Windows 7 is one of the first OSes, where the designers
provide some level of support for SSDs. For example, if
you plugged an SSD into WinXP, the OS would let you run
the defragmenter. In Windows 7, the OS should refuse to
do that (because it doesn't really help). The SATA SSD
has a sub 100 microsecond access time, so it doesn't
really matter if it is moderately fragmented. There is
next to no penalty for "moving the heads". So rather
than the lukewarm job Windows 7 does on a regular hard
drive, it shouldn't do anything to an SSD. That helps
extend the useful life of the SSD.

Windows 7, in the built-in AHCI driver ("MSAHCI"), has
support for TRIM. That is part of maintaining the SSD,
with respect to files that have just been deleted. In
other situations, you may need to run a utility program,
to achieve the same ends. (Some devices don't need TRIM,
because they have internal functions that emulate it.)

http://en.wikipedia.org/wiki/TRIM

On previous OSes, there are innocent sounding functions,
such as updating the "last accessed" field for files,
each time you examine the file. That is entirely unnecessary,
in terms of maintaining your personal information, and
was only done on regular hard drives, because there is
virtually no penalty associated with writing over and
over again. With the low limit on total write cycles per
NAND block, it pays to revisit design decisions like that,
and disable any features that don't add value. There
are two choices for a designer, with respect to "last
accessed". Either update all values, just as the OS
is shutting down (so you only waste effort on it, once
a day, or once a session). Or eliminate the function altogether.
Useful fields, such as "creation date" and "last modified",
continue to be supported, but stupid ones such as
"last accessed" can be turned off.

You can find acres and acres of advice on setting up
and maintaining SSDs. Much of this will be taken care
of, by Windows 7, so not everything you read in such articles
should be acted upon. But there are still some interesting
things you should know about. This is a forum maintained by
one manufacturer, with helpful hints for extending the
usable lifetime of the SSD.

http://www.ocztechnologyforum.com/forum/showthread.php?43460-Making-XP-pro-SSD-friendly

http://www.ocztechnologyforum.com/f...h-stuttering-and-increases-drive-working-life.

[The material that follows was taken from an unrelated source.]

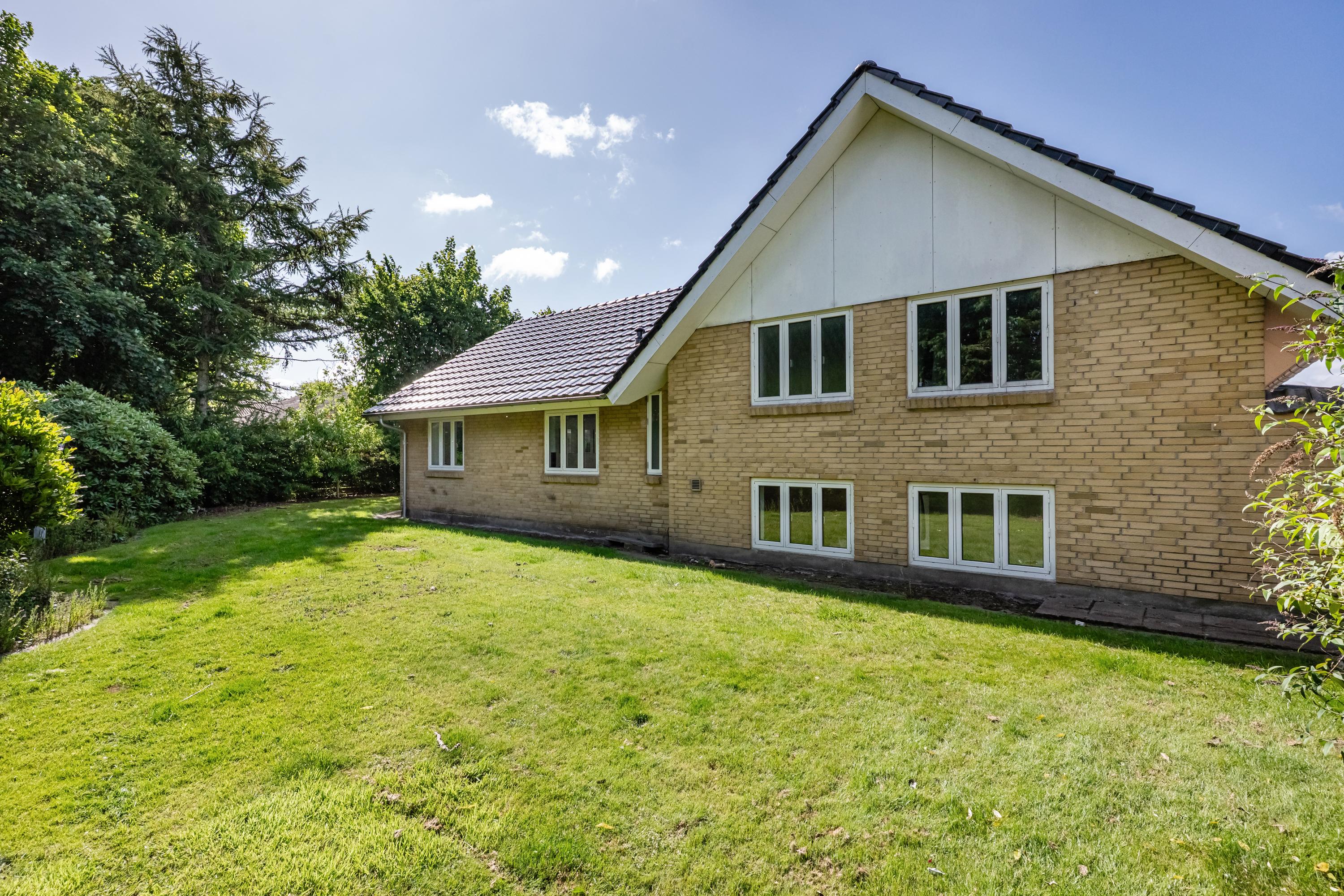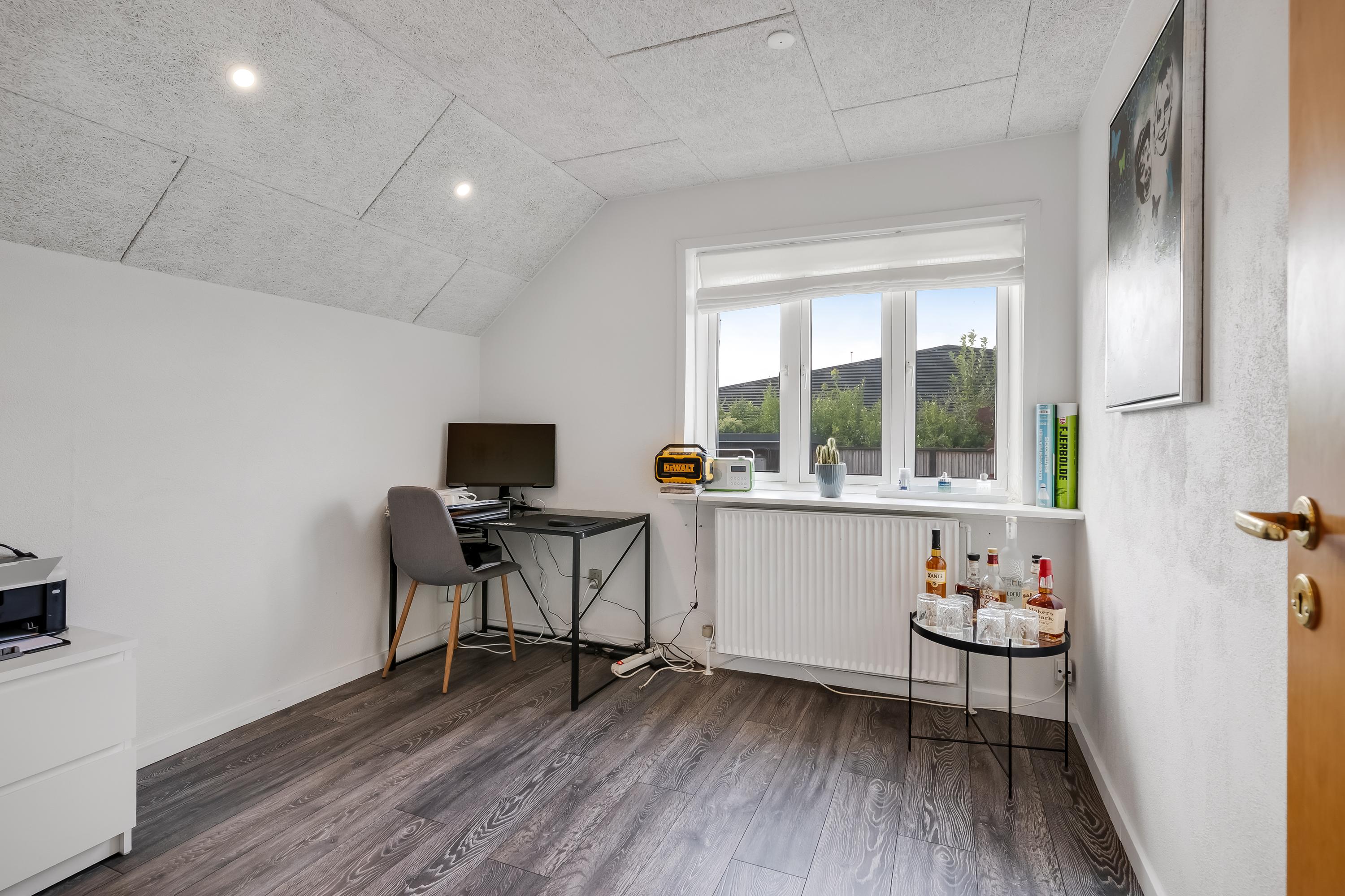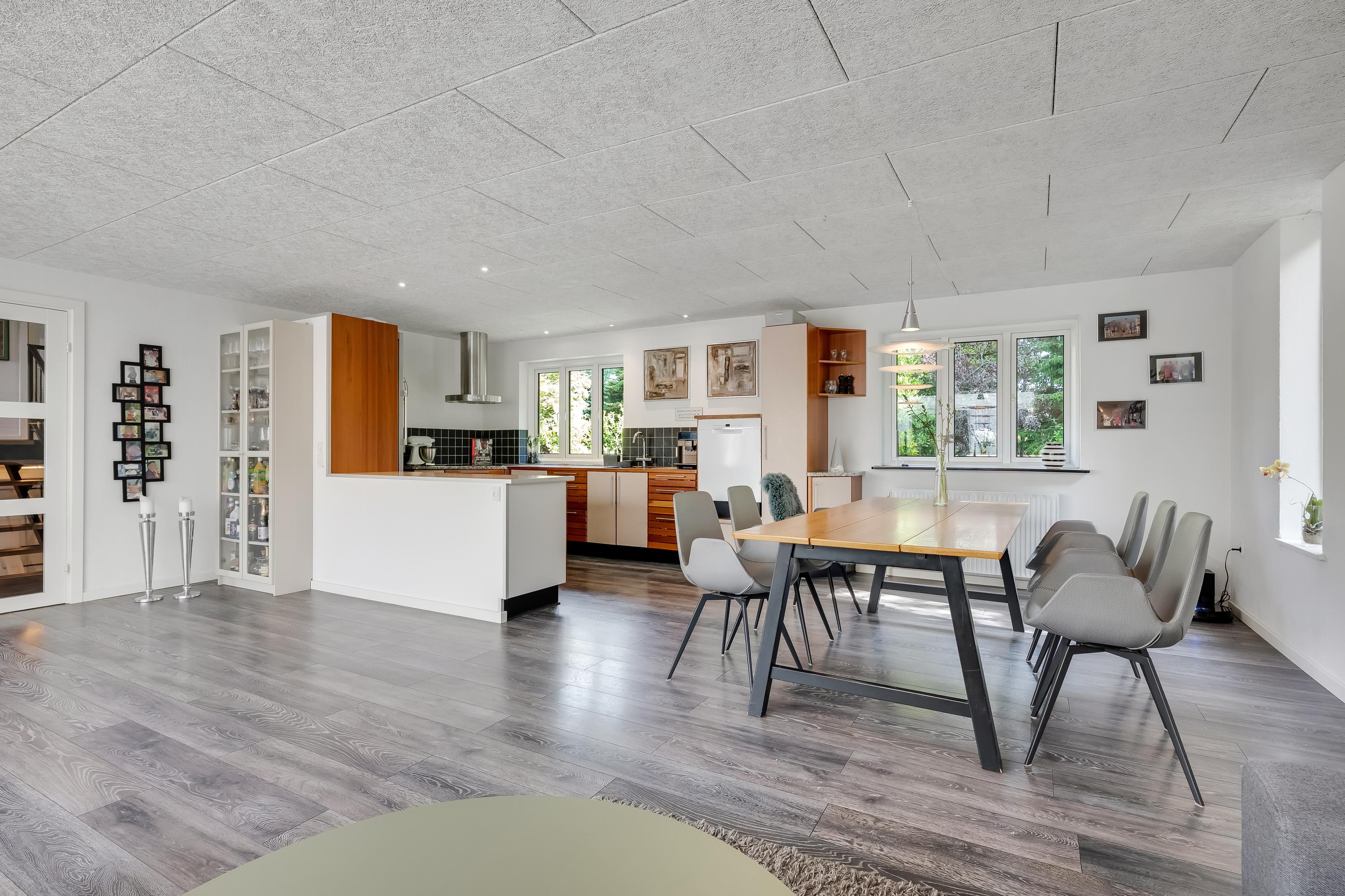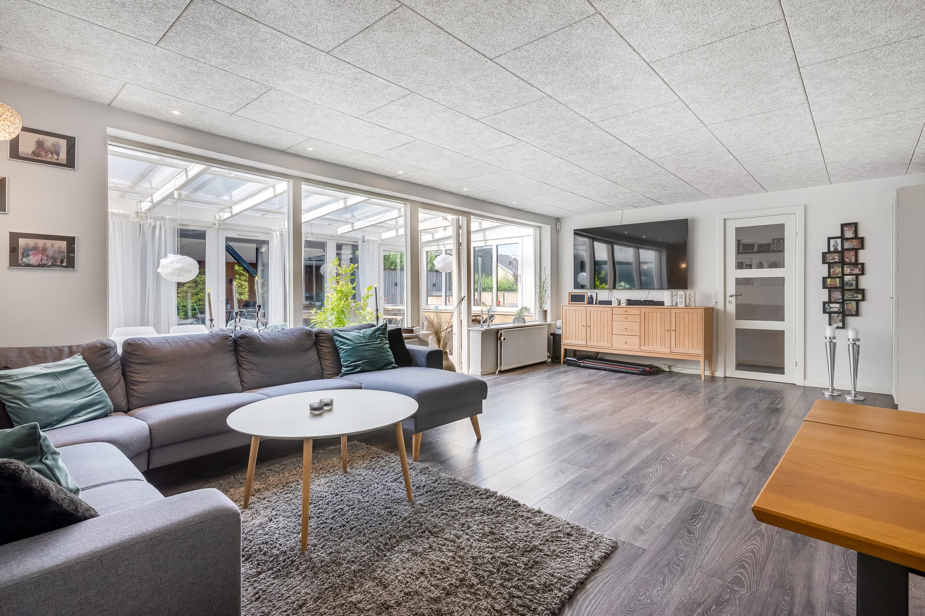 Det er den enorme sydvendte terrasse og den ligeledes voluminøse garagebygning, der skiller denne spændende ejendom i Holstebro ud fra mængden. I kommer til at bo i villaen, der med 125 m2 og hertil en god og anvendelig kælder fint kan huse en børnefamilie. Det ligger altsammen på en lukket stikvej

Since I don't own one, I don't have any more bookmarks
than that :)

Are they much faster ? Absolutely.

http://www.newegg.com/Product/Product.aspx?Item=N82E16820148363

Interface Type SATA III (6gbit/sec max)
Sequential Access - Read up to 355MB/s (3X a hard drive)
Sequential Access - Write up to 215MB/s (2X a hard drive)
Random 4K Read/Write: 60K / 45K IOPS (way better...)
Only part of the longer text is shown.